Your objective: Please write out all the data that follows exactly, without the pictures.

[Given records — start]

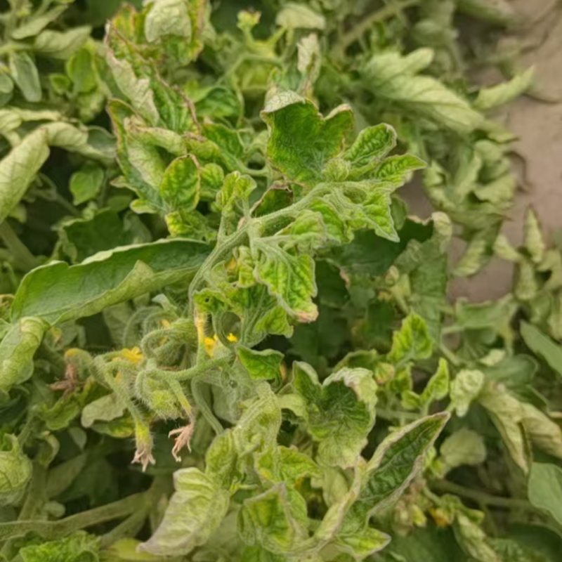 1.植株受害:番茄叶片出现花叶、深绿突起、狭窄卷曲,叶脉黄化甚至坏死;番茄植株发育迟缓,叶片褶皱有黄色斑驳。花量减少,果梗易坏死,整体长势衰弱。
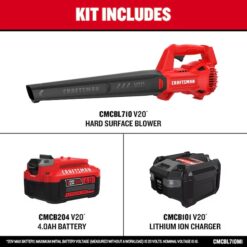 CRAFTSMAN® V20* Cordless Hard Surface Blower Kit features a reliable motor with up to 200 CFM and up to 90 MPH. It is equipped with a 4.0 Ah battery allowing you to take on various tasks outdoors. The V20* battery platform is compatible with CRAFTSMAN V20* Outdoor Equipment and Power Tools. You’ll find the complete line of outdoor tools and equipment essentials for a job to make you proud.
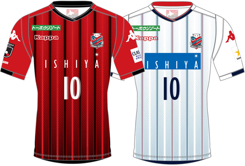 札幌のユニフォームは、ヘリンボーン柄で「トップへ昇るための力」と「J1、アジア、そして世界での活躍する推進力」を表現。胸のスポンサーロゴは商品名の『白い恋人』から企業名『ISHIYA(石屋製菓)』に変更。
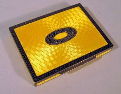 Rectangular, the yellow enamel cover with a black border and centered by a pierced oval panel; stamped '2465' and 'sterling' an unknown maker's mark.
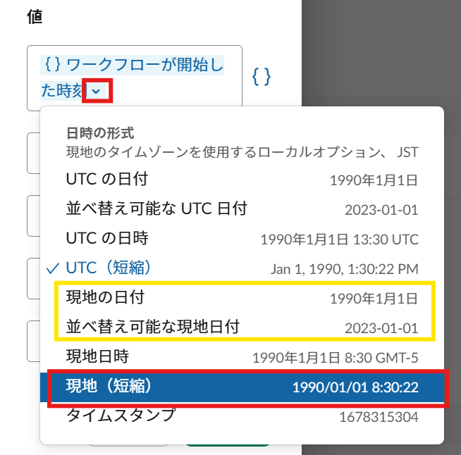 詳細設定からワークフローに合わせて日付・時間・日時のいずれかを選択します。
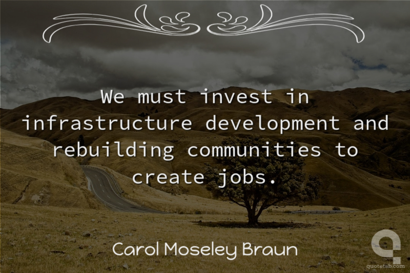 We must invest in infrastructure development and rebuilding communities to create jobs. Carol Moseley Braun
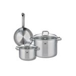 Découvrez l'ensemble de cuisine Elo Profi Citrin, comprenant une poêle de cuisson de 24 cm et deux faitouts de 20 et 26 cm. Conçus en inox de haute qualité, ces ustensiles allient robustesse et performance pour vous accompagner dans toutes vos préparations culinaires.La poêle de cuisson, idéale pour
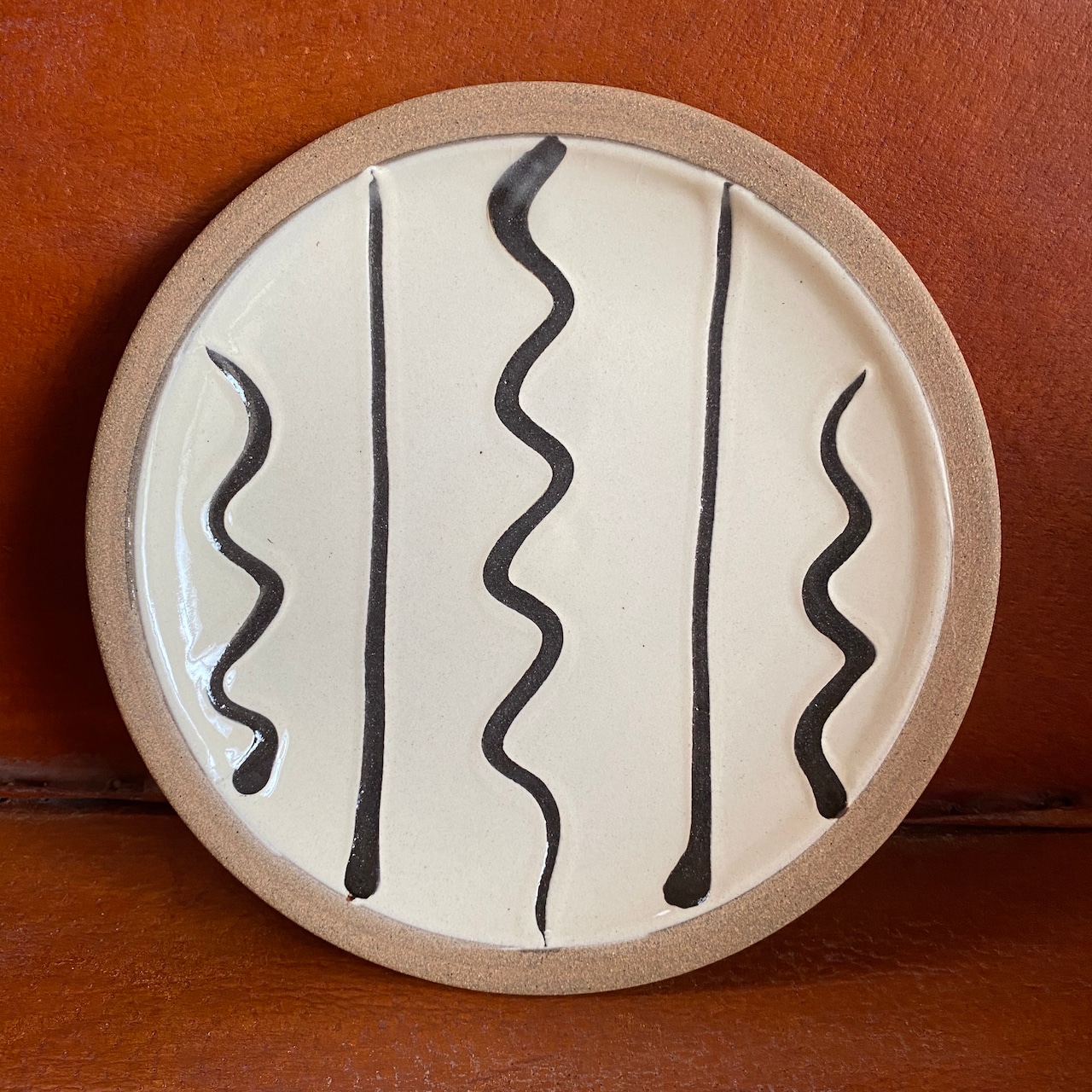 丹波立杭焼 丹窓窯 6寸皿 イッチン 白
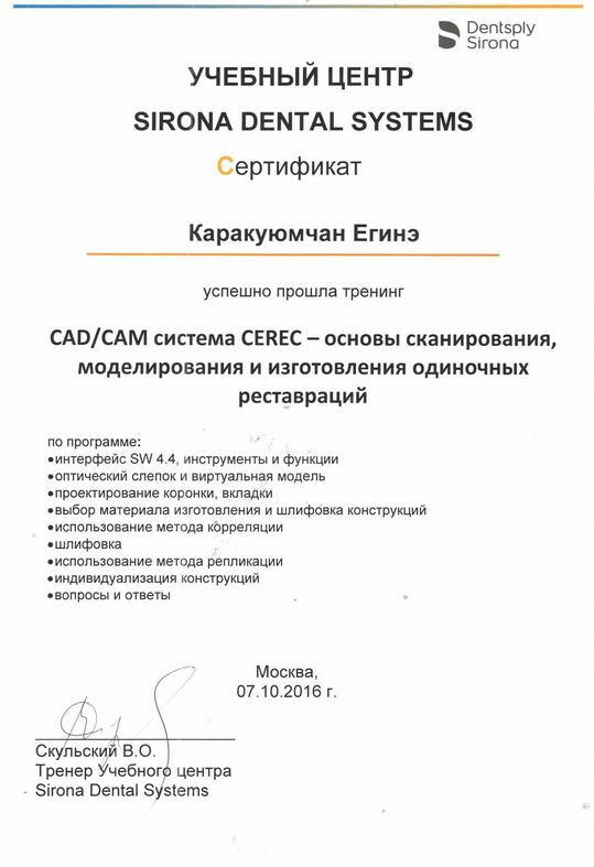 2016г. — CAD-CAM система CEREC -основы сканирования, моделирования и изготовления одиночных реставраций. Учебный центр SIRONA DENTAL SYSTEMS, г.Москва

[Given records — finish]

Completed task:
 1.植株受害:番茄叶片出现花叶、深绿突起、狭窄卷曲,叶脉黄化甚至坏死;番茄植株发育迟缓,叶片褶皱有黄色斑驳。花量减少,果梗易坏死,整体长势衰弱。
 CRAFTSMAN® V20* Cordless Hard Surface Blower Kit features a reliable motor with up to 200 CFM and up to 90 MPH. It is equipped with a 4.0 Ah battery allowing you to take on various tasks outdoors. The V20* battery platform is compatible with CRAFTSMAN V20* Outdoor Equipment and Power Tools. You’ll find the complete line of outdoor tools and equipment essentials for a job to make you proud.
 札幌のユニフォームは、ヘリンボーン柄で「トップへ昇るための力」と「J1、アジア、そして世界での活躍する推進力」を表現。胸のスポンサーロゴは商品名の『白い恋人』から企業名『ISHIYA(石屋製菓)』に変更。
 Rectangular, the yellow enamel cover with a black border and centered by a pierced oval panel; stamped '2465' and 'sterling' an unknown maker's mark.
 詳細設定からワークフローに合わせて日付・時間・日時のいずれかを選択します。
 We must invest in infrastructure development and rebuilding communities to create jobs. Carol Moseley Braun
 Découvrez l'ensemble de cuisine Elo Profi Citrin, comprenant une poêle de cuisson de 24 cm et deux faitouts de 20 et 26 cm. Conçus en inox de haute qualité, ces ustensiles allient robustesse et performance pour vous accompagner dans toutes vos préparations culinaires.La poêle de cuisson, idéale pour
 丹波立杭焼 丹窓窯 6寸皿 イッチン 白
 2016г. — CAD-CAM система CEREC -основы сканирования, моделирования и изготовления одиночных реставраций. Учебный центр SIRONA DENTAL SYSTEMS, г.Москва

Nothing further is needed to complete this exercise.